Just like Arrow Lake’s E-Cores, Goldmont Plus can hit L2 and be completely unaffected by split locks. DRAM bandwidth does take a substantial drop, but latency only regresses slightly. It’s worth noting that Goldmont Plus starts with very poor baseline DRAM latency though.

Slight differences in L1D and L2 performance can be attributed to lower clock speeds, since I didn’t underclock the chip.

Both Geekbench 6 workloads show performance regressions, but it’s not much considering there’s also multi-core clock speed drops in the mix. Much of the score decrease for asset compression can probably be attributed to lower clocks. The photo filter workload definitely suffers, but not to the same extent as Arrow Lake or AMD’s Zen 2 or Zen 5.

What’s a Bus Lock, Really?

The term “bus lock” dates back to early multiprocessor systems, which placed multiple CPUs on a shared bus. Each CPU had its bus pins connected to the same motherboard traces, which connected them to the chipset. Locking the bus prevents other CPUs from making memory accesses, preventing them from interfering with atomic operations. Modern CPUs no longer use a shared bus, and instead use non-blocking, distributed interconnect setups. It’s not clear what a “bus lock” really means. And while Intel and AMD still use the terminology, “bus locks” caused by split locks clearly have a range of effects depending on the hardware in question.

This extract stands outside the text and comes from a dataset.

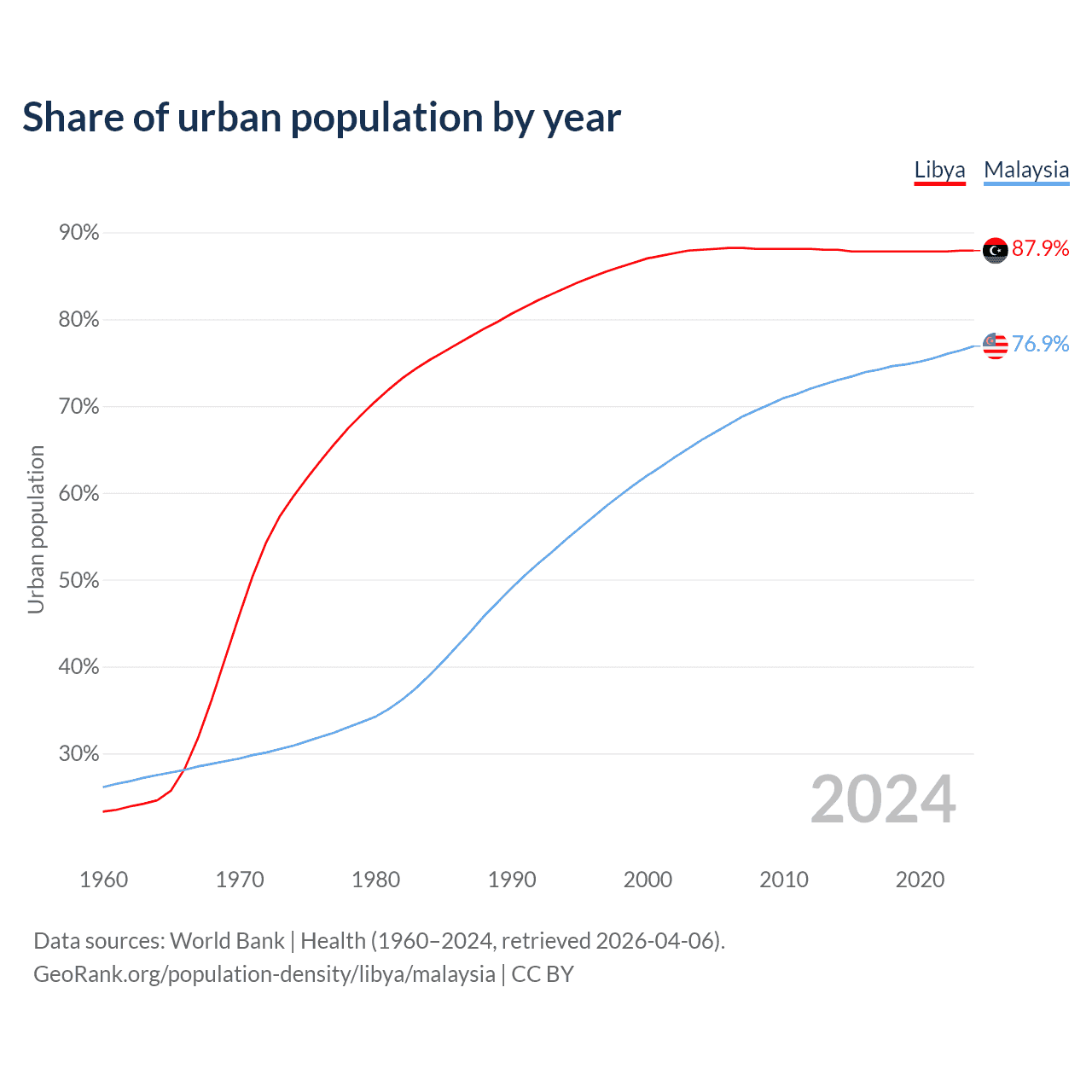 From 2004 to 2024, the share of urban population changed from 88% to 87.9% in Libya and from 66.1% to 76.9% in Malaysia.

From Intel’s documentation. The lock prefix on x86 atomic instructions historically meant locking a shared bus, but now it’s just about maintaining the same atomic operation semantics

I suspect Intel’s bus locks are implemented in their IDI (in-die interconnect) protocol. P-Cores and E-Core use IDI to talk to the uncore, which starts with the ring bus on most Intel client designs. Goldmont Plus’s performance monitoring documentation curiously indicates that a “bus lock” is a special request to the L2 controller, though L2 hits aren’t impacted just like on other Intel designs.

AMD’s implementation goes beyond a traditional bus lock in Zen 2 and Zen 5, with core-private L2 caches impacted as well. One possibility is that AMD falls back to the Infinity Fabric layer when handling split locks, though I don’t have strong evidence to support that. Performance monitoring events increment at the Data Fabric’s Coherent Stations during core to core latency test runs. But if they’re responsible, they only handle control path traffic because the increments aren’t proportional to L2 hit traffic observed when also running a memory bandwidth microbenchmark.

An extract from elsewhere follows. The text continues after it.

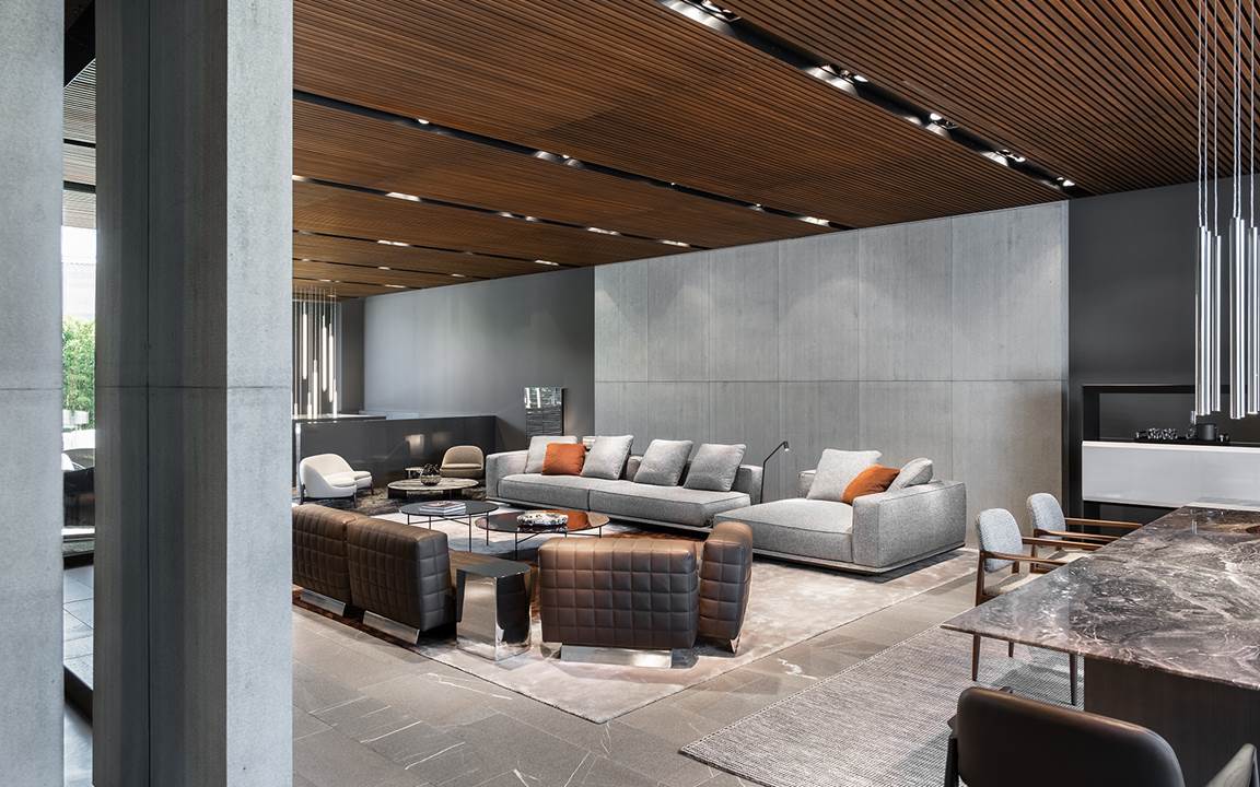 Beim Eintreten hat man den Eindruck, in ein echtes Haus zu gelangen. Materialien wie Zement an Wänden und Piasentina-Stein am Boden, warme Holzvertäfelungen in der Farbe Tabak sowie großflächige Fensterfronten bilden das ideale Ambiente für die Präsentation der Neuheiten für den Innen- und Außenbereich, Seite an Seite mit Bestsellern, den markantesten Sitzprogrammen und zahlreichen Accessoires, auch aus den jüngsten Kollektionen.

Piledriver also throws a wrench into the works when trying to define bus locks. Maybe AMD’s old architecture doesn’t use bus locks at all, and is able to use its cache coherency protocol to let unrelated accesses proceed as long as they hit cache.

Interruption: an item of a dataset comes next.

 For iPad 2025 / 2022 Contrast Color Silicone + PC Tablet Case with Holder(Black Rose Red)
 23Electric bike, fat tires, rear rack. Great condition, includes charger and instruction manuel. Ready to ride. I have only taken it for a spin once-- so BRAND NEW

Overall, there’s no good analogy to the classical shared bus on a modern CPU. Perhaps CPU designers should drop the term “bus lock” from documentation, and precisely document how a split lock impacts their systems.

Linux’s Split Lock Mitigation

Linux’s split lock mitigation traps split locks and introduces millisecond level delays, aiming to both make split locks “annoying” and provide better quality of service to other applications.

Testing on Linux without touching sysctl settings shows latency comparable to mechanical hard drive seek time, which is an eternity for a CPU. This kind of delay should also eliminate the noisy neighbor effects above, since the split lock core to core latency test simply isn’t running most of the time.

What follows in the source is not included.